The H100 and the Second Law of Thermodynamics

2026-05-10

The second law of thermodynamics, roughly speaking, states that the Gibbs free energy $G = H - T S$ of an isolated system cannot increase, where $H$ is the enthalpy and $S$ is the entropy. This implies a few useful ideas: For example, lowering the entropy of the system increases the $-T S$ term, and thus requires inputting some energy.

Classically, we define $S$ as the $k$ times the information-theoretic entropy of the distribution over microstates (or, in the case where the energy of all the microstates are the same, the log of the number of microstates), where $k$ is Boltzmann's constant. However, if we try to think of this entropy just as literal bits of information, then weird things start to happen. For instance, one can think of performing computation as decreasing uncertainty.

Consider a logic gate $C = f(A, B)$ , where $f$ is an arbitrary binary function. Before applying $f$ , the value of $C$ can be either $0$ or $1$ , but after applying it $C$ collapses to one value. Naively, we can therefore model the cost of each transistor operation as erasing $k \ln 2$ of entropy, which should require at least $k T \ln 2$ energy.

A natural question to ask now is: Suppose the true physical limit for a single transistor operation $k T \ln 2$ . Currently, how much energy do these cost? Conversely, is there an energy lower bound on running, say, GPT 5? How far are we from this limit?

One naive thing to do is to estimate the theoretical cost of running a single H100 GPU. Consider the H100 GPU, which contains around $8 \cdot 10^{10}$ transistors, and (for the PCIe version) runs at around $2 \cdot 10^9 \mathrm{Hz}$ . It uses $700 \mathrm{W}$ of power (and thus $700 \mathrm{J}$ per second), and can operate at $100 \degree \mathrm{C} \approx 370 \mathrm{K}$ . Thus, the energy required for its operations should be

$16 \cdot 10^{19} k T \ln 2 \approx \left(16 \cdot 10^{19}\right)\left(1.4 \cdot 10^{-23} \mathrm{J/K}\right)(370 \mathrm{K})(0.7) \approx 0.6 \mathrm{J}.$

So we're only about 3 orders of magnitude off. Not bad!

Now, this analysis has two issues:

First, in practice, not all transistors fire every clock cycle, so in fact the H100 is less efficient than 3 orders of magnitude.
More generally, returning to the "what is the minimum energy required to inference GPT 5.4 (for some fixed choice of batch size, context length, etc.)?" problem, simply thinking about things in terms of transistors ignores, for example, potential algorithmic improvements.
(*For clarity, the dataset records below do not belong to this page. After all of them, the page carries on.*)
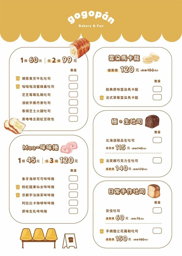 【gogopan元氣麵包社】以新鮮出爐的麵包為主打,從熱門的生吐司到傳統的蔥麵包都有,品項價位介於33元~150元之間,一次買多個還能再享有折扣,最低只要一百元就能帶走四個麵包!
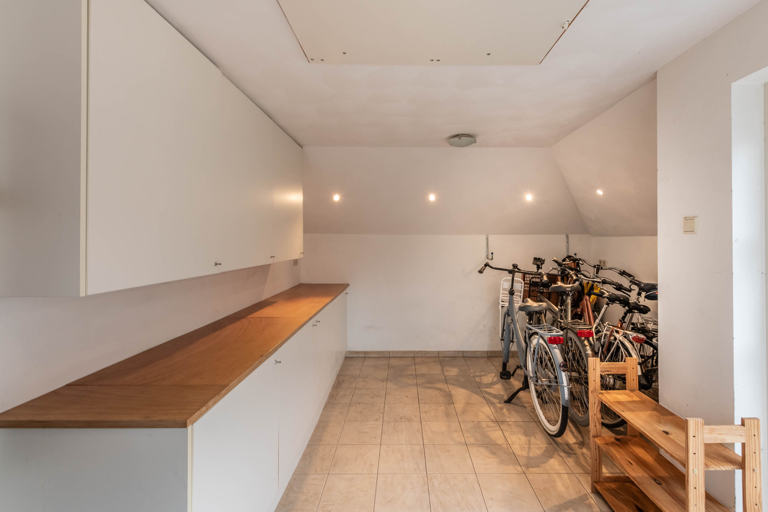 Second floor: The multifunctional attic space, currently serving as a playroom, leads to one bedroom. Both rooms have a dormer window. The bedroom provides access to a storage room.
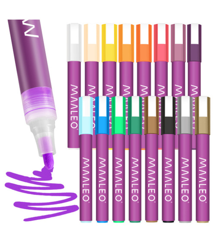 MAALEO akriliniai žymekliai yra rašikliai su tikrais akriliniais dažais, o ne žymekliai su vandens pagrindo pigmentiniu rašalu . Tai reiškia, kad jie pasižymi kitokiomis savybėmis nei klasikiniai ploni flomasteriai ar flomasteriai. Jie skirti dažymui, dekoravimui ir raštų tvirtinimui, o ne įprastam rašymui ant plono popieriaus . Dėl akrilinės formulės, užtikrina intensyvų padengimą ir ilgaamžiškumą ant daugelio skirtingų paviršių be prasiskverbimas.
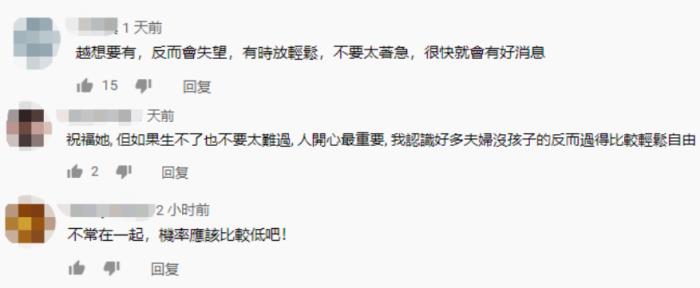 不少网友留言鼓励林依晨,希望她放松心情,对怀孕一事顺其自然,但也有人表示林依晨结婚多年没怀孕主要是因为和老公聚少离多。

To illustrate the relationship between these issues we can consider the energy required to perform a FLOP. For a given operation x := y * z (of say, 16-bit floats), in principle we are only lower bounded by the bits to write to the register for x. Thus, information theory says we need $16 k T \ln 2$ in energy. In practice, though, the H100 does around $2 \cdot 10^{15}$ FLOPs per second, which gives a lower bound of $32 \cdot 10^{15} k T \ln 2$ . This is a wildly different lower bound from before¹, and it suggests that we are, in fact, much further from the theoretical optimum.

If we accept the FLOP-based bound as closer to the "true" information processing rate, we are actually around 7 orders of magnitude off, not 3. Thus, the optimality gap depends on what actual computation is being performed. Crucially, we know that a FLOP takes much more than 16 transistor operations; in particular, the computational lower bound is much stronger than the information theoretic lower bound (for instance, the information theoretic lower bound allows for weird non-circuit computations that may take less energy).

We can factorize our gap to theoretical optimum as follows: There is some fundamental transistor flipping cost in the chip, and there is some algorithmic overhead. In the limit, a single decode step from a transformer model only produces a single token (around 17 bits of information), and so there is, at least theoretically speaking, a very large overhead.

In particular, the transistor overhead and algorithmic overheads are multiplicative, which implies that progress in either can improve energy usage. Crucially, transistor overhead is mostly a function of the underlying hardware (and thus the chip foundry's methods), while algorithmic overhead is a function of the designer. Consequently, it is possible to make progress on both fronts: Both on the level of pure silicon and better physics, and via more optimal chip layouts.

The astute reader will observe that this calculation seems to imply that a 16-bit FLOP requires, on average, 5000 transistor switches, which seems high. Indeed, in practice only a fraction of the transistors are active at any given time (e.g. due to memory, or just not being a part of the relevant arithmetic circuit).